Why do we ignore co-efficients in Big O notation?

Question

While searching for answers relating to \"Big O\" notation, I have seen many SO answers such as this, this, or this, but still I have not clearly understood some points.

Answer 1

Big O notation is not an absolute measure of complexity.

Rather it is a designation of how complexity will change as the variable changes. In other words as N increases the complexity will increase Big O(f(N)).

To explain why terms are not included we look at how fast the terms increase.

So, Big O(2n+2) has two terms 2n and 2. Looking at the rate of increase Big O(2) this term will never increase it does not contribute to the rate of increase at all so it goes away. Also since 2n increases faster than 2, the 2 turns into noise as n gets very large.

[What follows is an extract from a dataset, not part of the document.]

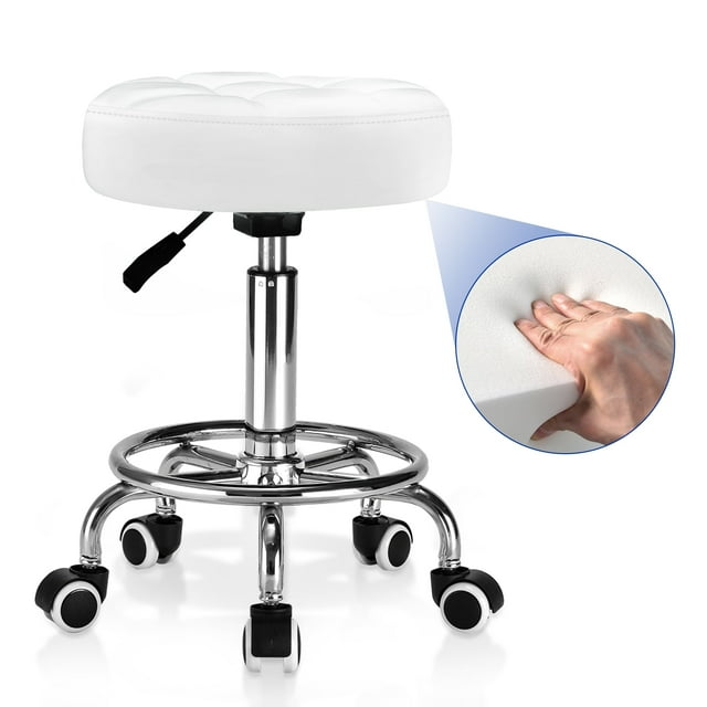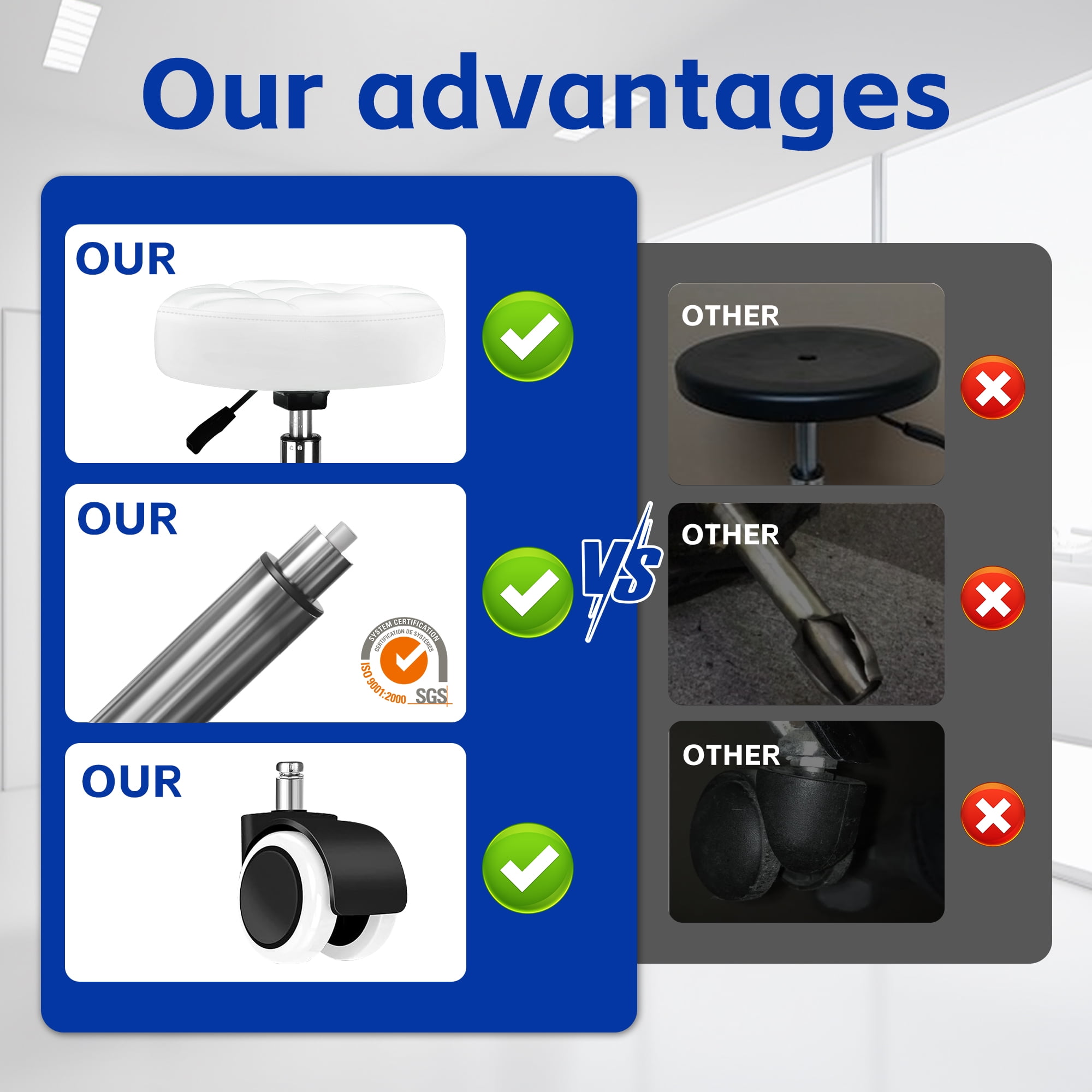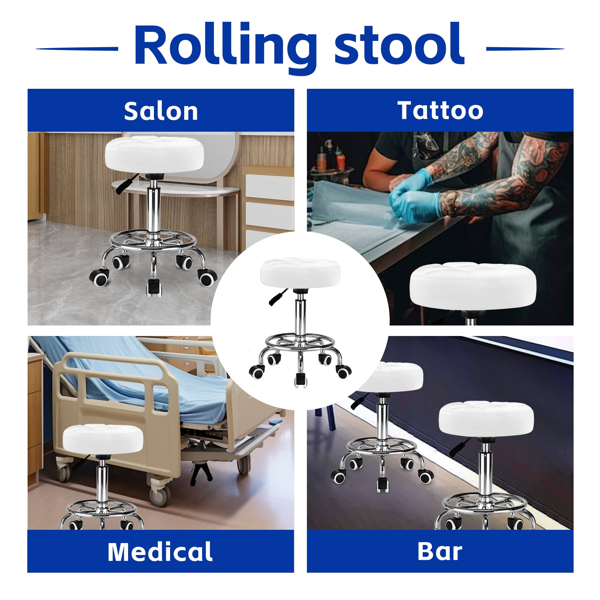- ✅【Extra-Comfy Seat】Upgraded Comfort, No Fatigue After Sitting For A Long Time"14.6" Wide, 3.1" Thick High-Density Foam—Soft But Supportive, No Sagging. Rolls Smoothly For All-Day Comfort!"✅【Versatile Use】From Office To Home, One Stool Fits All"Not Just An Office Chair! Use It As A Kitchen Bar Stool, Salon Stool, Or Spa Chair. The Sturdy Base And Smooth-Rolling Wheels Move With You Anywhere."✅【Adjustable Height + Footrest】Customize For Your Body"No More Straining! Elevate The Seat (19.3-24.4 Inches) And Step On The Footrest To Support You At Your Most Comfortable Height-All In Comfort All Day Long."✅【Sturdy & Quiet Wheels】Glide Freely Without Noise"360° Silent Casters Won't Scratch Floors Or Disturb Others. Stable And Smooth - Ideal For Hard Floors Or Carpets!"✅【Easy To Assemble】Ready In Minutes, No Hassle"Out Of The Box, Plug In The Casters, Install The Air Bar, Attach The Cushion And Start Rolling! Tools Are Included And Instructions Are Clear - Roller Stool Installation In 3 Minutes.”
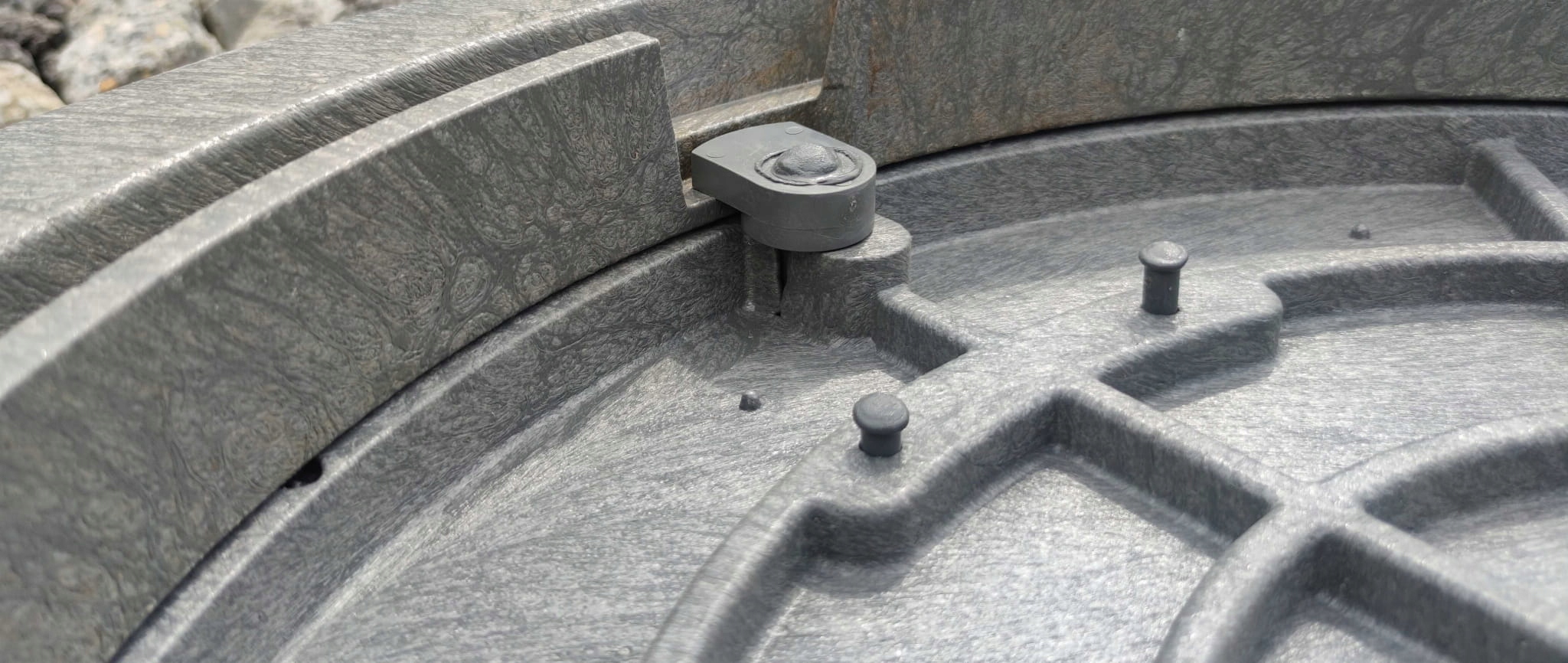 Запорный механизм предотвращает доступ детей и посторонних лиц к подземным инженерным системам. Люк термостойкий. Поверхность крышки люка защищена от длительного воздействия УФ-излучения, не трескается и не выгорает под воздействием солнечных лучей.

Similarly Big O(2n^3 + 99n^2) compares Big O(2n^3) and Big O(99n^2). For small values, say n < 50, the 99n^2 will contribute a larger nominal percentage than 2n^3. However if n gets very large, say 1000000, then 99n^2 although nominally large it is insignificant (close to 1 millionth) compared to the size of 2n^3.

As a consequence Big O(n^i) < Big O(n^(i+1)).

Coefficients are removed because of the mathematical definition of Big O.

To simplify the definition says Big O(f(n)) = Big O(f(cn)) for a constant c. This needs to be taken on faith because the reason for this is purely mathematical, and as such the proof would be too complex and dry to explain in simple terms.